OANA LUNGESCU: Politico.
Q: David Herszenhorn with Politico, thanks. I wonder if your meeting you spent any time reflecting on NATO’s failure since 2008 to adjust or change Russia’s policy toward Georgia, Abkhazia and South Ossetia and if there are lessons that you’ve drawn from that failure in terms of how to approach the situation in Ukraine?
JENS STOLTENBERG: I think we need strategic patience. That was what NATO had during the Cold War and we need it also in the new security situation. What NATO has succeeded in is to provide very strong support for Georgia, political support and practical support and I just outlined all the practical measures we have undertaken with a joint training centre, with the defence institution building … defence institution building school, the different exercises and the many different activities we now are doing together with Georgia. And we have been successful in helping Georgia implementing reforms, modernizing their own defence forces, armed forces, defence institutions and the best way to protect Georgia’s integrity and territorial sovereignty and territorial integrity is by modernizing, strengthening the Georgian forces and that’s exactly what NATO is helping to do both in the NATO framework but also some allies also providing some additional support on the bilateral basis. So we have been successful in helping Georgia implementing reforms, we have been successful in helping Georgia modernizing its armed forces and building modern defence institutions but we will continue to help, we will continue to support because that is also important for NATO, peace and stability in the Caucasus, in the Black Sea region is of course also important for NATO.

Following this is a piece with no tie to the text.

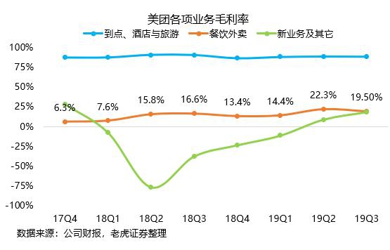 虽然,夏季的骑手成本有所抬升,本季度外卖业务毛利率从上一季度的22.3%跌至19.5%,但是相比去年同期16%的毛利润依然高出不少。更重要的是,美团通过提高外卖物流运营效率,将毛利率天花板从此前的15%左右提升至现在的20%水平线。

OANA LUNGESCU: Washington Post.
Q: Hi. Michael Birnbaum from the Washington Post. Just one last quick question about Secretary Mattis. I was speaking to some diplomats here last night who said if you take what Mattis was saying literally that means that you know the American guarantees for security in Europe aren’t 100 % anymore. I wanted to ask if you felt that those diplomats were misinterpreting what had been said?
JENS STOLTENBERG: Secretary Mattis confirmed the strong commitment of the United States to European security and to the NATO alliance and to our collective defence. And our collective defence commitment, our Article Five is unconditional and that was expressed clear and loudly from all the participants in the meeting yesterday and today. So this is in no way any kind of conditional security guarantees, this is absolute security guarantees, we support each other and the U.S. security guarantees is actually now strengthened not only words but also in deeds by the increased military presence of U.S. forces in Europe, with a new armoured brigade, with, which is the first time in many years that we have these kind of capabilities, U.S. capabilities in Europe, with more pre-positioned equipment, supplies and more exercises. So this is something which is clearly expressed by the Secretary of Defense but also the President in phone calls with me that the United States is committed to the alliance and to our collective security guarantees but also in deeds by increased military presence of the United States in Europe. Then what Secretary Mattis clearly stated was that the United States expects Europe and Canada to invest more in defence and if that doesn’t happen then we will have a challenge. But I think we should not speculate too much on what will happen if we don’t deliver, we should focus on delivering what we have promised. And 28 allies have promised together that they will stop the cuts in defence spending, that they will gradually increase and then move towards spending 2 % of GDP on defence. And the good thing is that we are now starting to move in the right direction. We stopped the cuts in 2015 and we have started to increase in 2016 and I actually welcome the very firm and fair message from Secretary Mattis because it helps me in pushing all allies to deliver on what they promised in 2014 on defence investments.
OANA LUNGESCU: BNS.
Q: Good afternoon Secretary General. Back to Lithuanian issues actually. There was as Lithuanian authorities call it an information attack against German battle group soldiers in Lithuania yesterday. A person accused them of raping a Lithuania girl and later the police found that the accusations were fake. Do you see it as a problem and how would you identify it and can enhanced forward presence lose credibility because of these attacks? Do NATO need to step up in order to counter such information attacks? Thank you.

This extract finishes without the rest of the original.